VCF 9.x

The initial failure is due to a known issue in VCF 9.0 where the SDDC Manager FQDN is incorrectly mapped to the loopback address (127.0.0.1) in the /etc/hosts file VCF 9.0 deployment fails at "Generate and Install VMCA Certificate on SDDC Manager" stage with error "Failed to install VMCA Certificate on SDDC Manager 127.0.0.1 Reference Token: <ID>"
If manual intervention was performed via SSH to fix the /etc/hosts file, the vcf user account may have become locked due to repeated failed attempts or the password was inadvertently changed, leading to the Auth fail error in later deployment stages.

Step 1: Correct the /etc/hosts file

If the deployment is still failing at the certificate stage, refer to the following article to correct the loopback mapping VCF 9.0 deployment fails at "Generate and Install VMCA Certificate on SDDC Manager" stage with error "Failed to install VMCA Certificate on SDDC Manager 127.0.0.1 Reference Token: <ID>"

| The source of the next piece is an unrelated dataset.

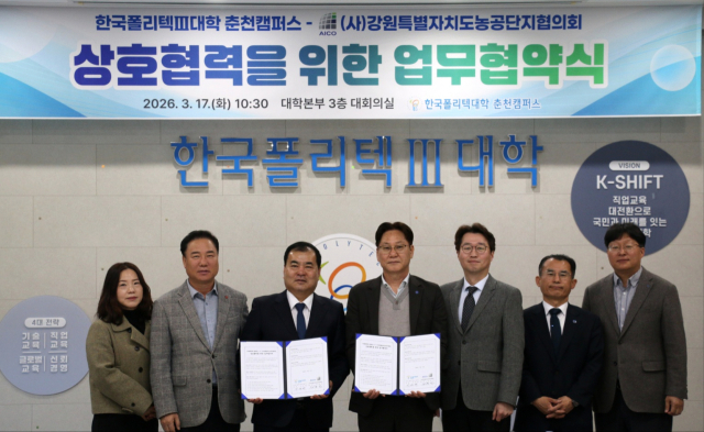 한국폴리텍Ⅲ대학(학장:지경배) 춘천캠퍼스는 17일 대학본부 대회의실에서 강원특별자치도농공단지협의회(회장:김종진)와 지역 기술인재 양성 및 상호협력을 위한 업무협약을 체결했다. 이번 협약을 통해 양 기관은 취업 연계 및 채용 정보 공유, 지역 산업 발전 프로그램 발굴 등 실질적인 산학협력 체계를 구축, 지역 산업 발전 기여에 나선다.

1. Log in to the SDDC Manager appliance console (Web Console) as root.
2. Edit /etc/hosts and comment out the entry where the FQDN is mapped to 127.0.0.1
3. Add a proper entry mapping the FQDN to the actual appliance IP address.
4. Restart SDDC Manager services: /opt/vmware/vcf/operationsmanager/scripts/cli/sddcmanager_restart_services.sh

Step 2: Resolve SSH Authentication Failure

If the deployment fails with Auth fail, perform the following from the SDDC Manager VM console (not SSH):

Review this command before running it.

1.  Unlock the vcf user:
   
   faillock --reset --user vcf


2. Reset the password: If the account remains locked or the auto-generated password no longer works, reset the password to match the auto-generated one provided in the VCF Installer:
   
   passwd vcf

3. Verify Access: Attempt to SSH manually from the VCF Installer appliance using the vcf user and the auto-generated password. If successful, click Retry in the VCF Installer to continue the deployment.